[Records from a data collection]
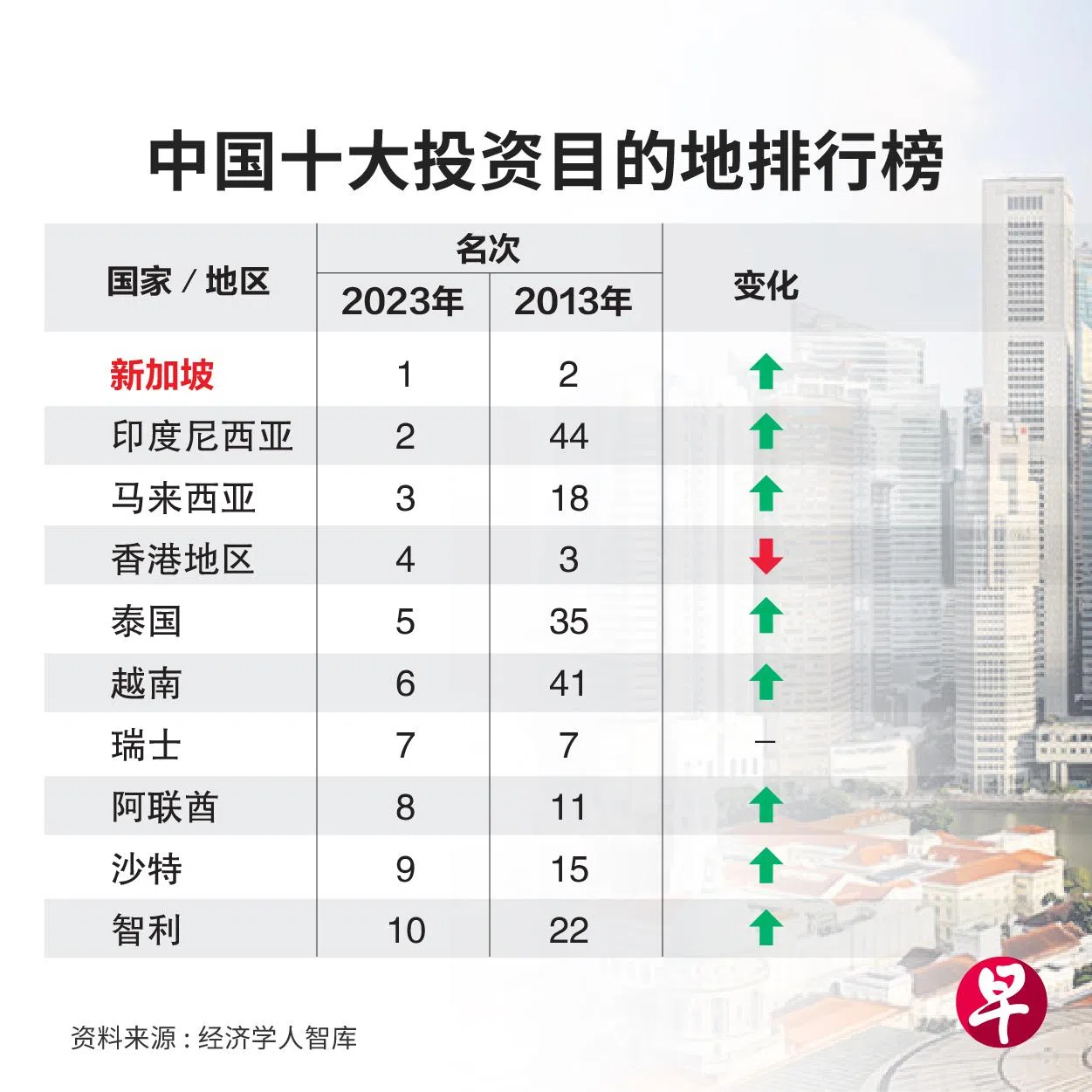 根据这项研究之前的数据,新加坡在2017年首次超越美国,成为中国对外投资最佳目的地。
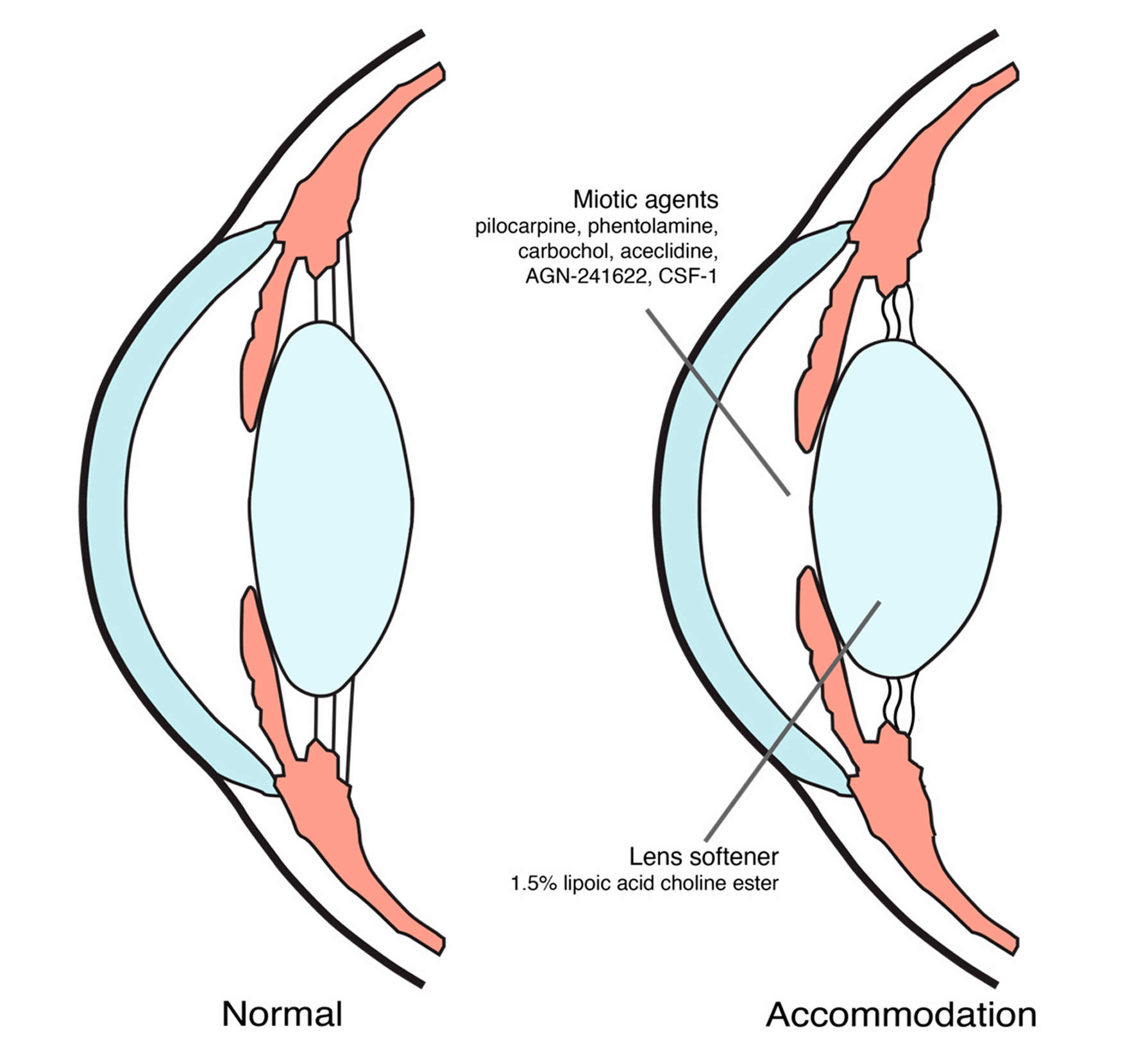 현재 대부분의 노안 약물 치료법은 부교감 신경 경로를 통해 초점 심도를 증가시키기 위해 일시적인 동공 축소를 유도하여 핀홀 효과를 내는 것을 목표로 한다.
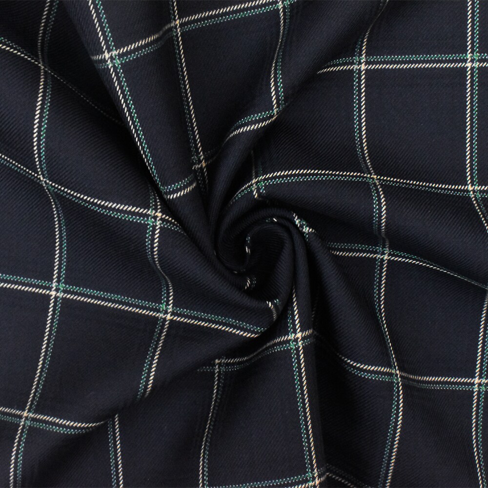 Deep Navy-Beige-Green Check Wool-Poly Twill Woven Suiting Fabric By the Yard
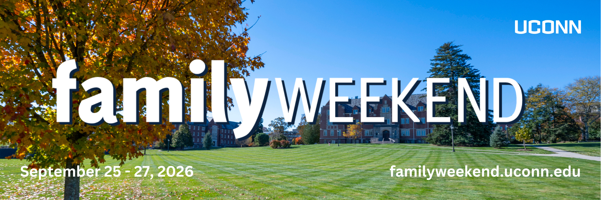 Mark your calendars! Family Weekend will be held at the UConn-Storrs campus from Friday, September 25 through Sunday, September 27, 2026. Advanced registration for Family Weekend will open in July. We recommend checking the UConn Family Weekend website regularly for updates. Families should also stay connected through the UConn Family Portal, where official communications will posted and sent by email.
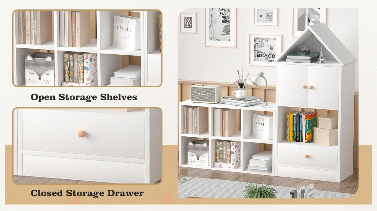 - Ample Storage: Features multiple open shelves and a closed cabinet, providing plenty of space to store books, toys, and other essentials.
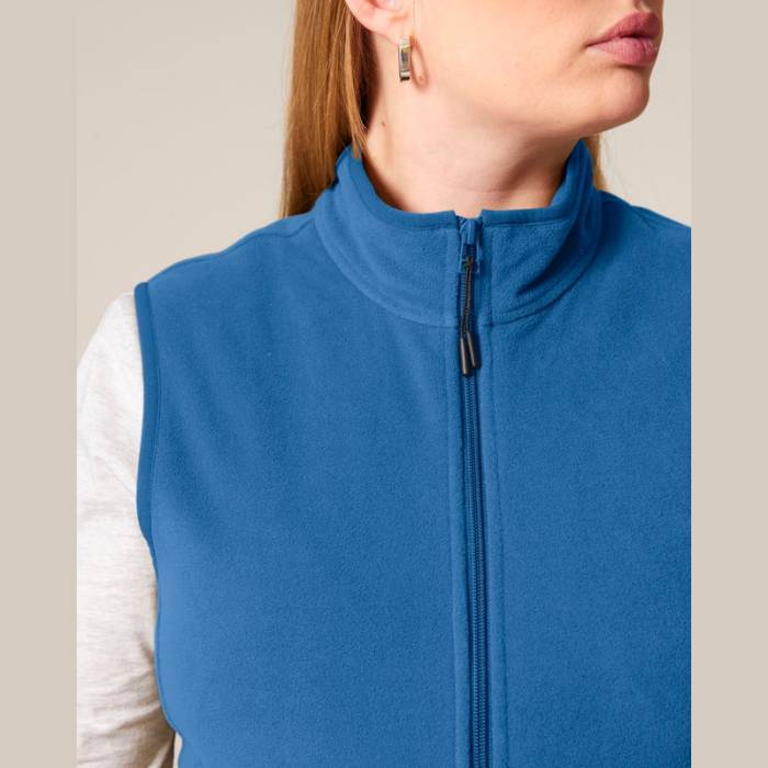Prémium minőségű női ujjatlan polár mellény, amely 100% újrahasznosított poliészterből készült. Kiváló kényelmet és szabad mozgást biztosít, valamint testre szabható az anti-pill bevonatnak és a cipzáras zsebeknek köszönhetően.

### What this task involves
Print exactly, and print only, the lines from the line with "Deep Navy-Beige-Green Check" through the last line of the entries, both ends included. No pictures belong in the result.

### Solution for this exercise
 Deep Navy-Beige-Green Check Wool-Poly Twill Woven Suiting Fabric By the Yard
 Mark your calendars! Family Weekend will be held at the UConn-Storrs campus from Friday, September 25 through Sunday, September 27, 2026. Advanced registration for Family Weekend will open in July. We recommend checking the UConn Family Weekend website regularly for updates. Families should also stay connected through the UConn Family Portal, where official communications will posted and sent by email.
 - Ample Storage: Features multiple open shelves and a closed cabinet, providing plenty of space to store books, toys, and other essentials.
Prémium minőségű női ujjatlan polár mellény, amely 100% újrahasznosított poliészterből készült. Kiváló kényelmet és szabad mozgást biztosít, valamint testre szabható az anti-pill bevonatnak és a cipzáras zsebeknek köszönhetően.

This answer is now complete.